The moderating effect of managerial discretion on the relationship between product differentiation strategy and firm financial performance has not received necessary empirical attention. The study sought to examine the moderating effect of managerial discretion on the relationship between product differentiation and the perceived financial performance of commercial banks in Uganda. A cross-section survey design was formulated targeting a population comprised of 210 Senior Managers and Chief Executives of 10 selected commercial banks in Uganda, which were chosen because of their relatively consistent superior financial performance in the last five years. A sample of 137 individuals was calculated using Yamane’s (1967) formula, and the technique of stratified proportionate random sampling was used in selecting sample subjects.

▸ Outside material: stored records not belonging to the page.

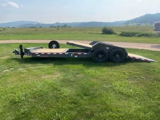 Description2026 Midsota TB22 Bumper Pull Tiltbed, 6ft stationary deck and 16ft lockable tilt bed, 83 inches wide and 22ft long, Tandem 7000lb spring axles with electric brakes at all 4 wheels, 235/80R16 tires and wheels, A-Frame steel toolbox and Spare tire and mount. |
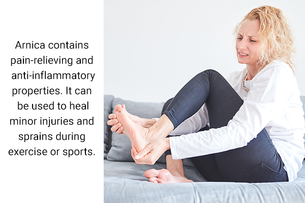 Arnica accommodates pain-relieving and anti inflammatory properties. (1) It may be used to heal minor accidents and sprains throughout train or sports activities.
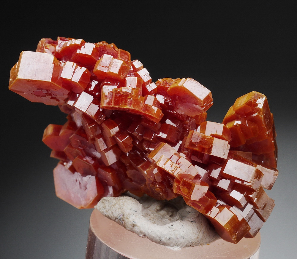 Dobrze wykształcone i błyszczące kryształy wanadynitu.

Data was collected from these individuals using structured questionnaires and analyzed descriptively (using frequencies, percentages, means, and standard deviations) and inferentially using partial least squares structural equation modelling (PLS-SEM). The coefficient of the interaction term between managerial discretion and product differentiation strategy (MD*PD) was found positive and significant (β = 0.3421, ρ<0.05). Accordingly, the null hypothesis was rejected. It is concluded that managerial discretion is an important factor in the adoption of product differentiation strategies for purposes of enhancing the perceived financial performance of commercial banks in Uganda. The study recommends that commercial banks in Uganda should avail Chief Executives with the necessary and adequate latitude to implement product differentiation strategies if they are to maximize financial performance.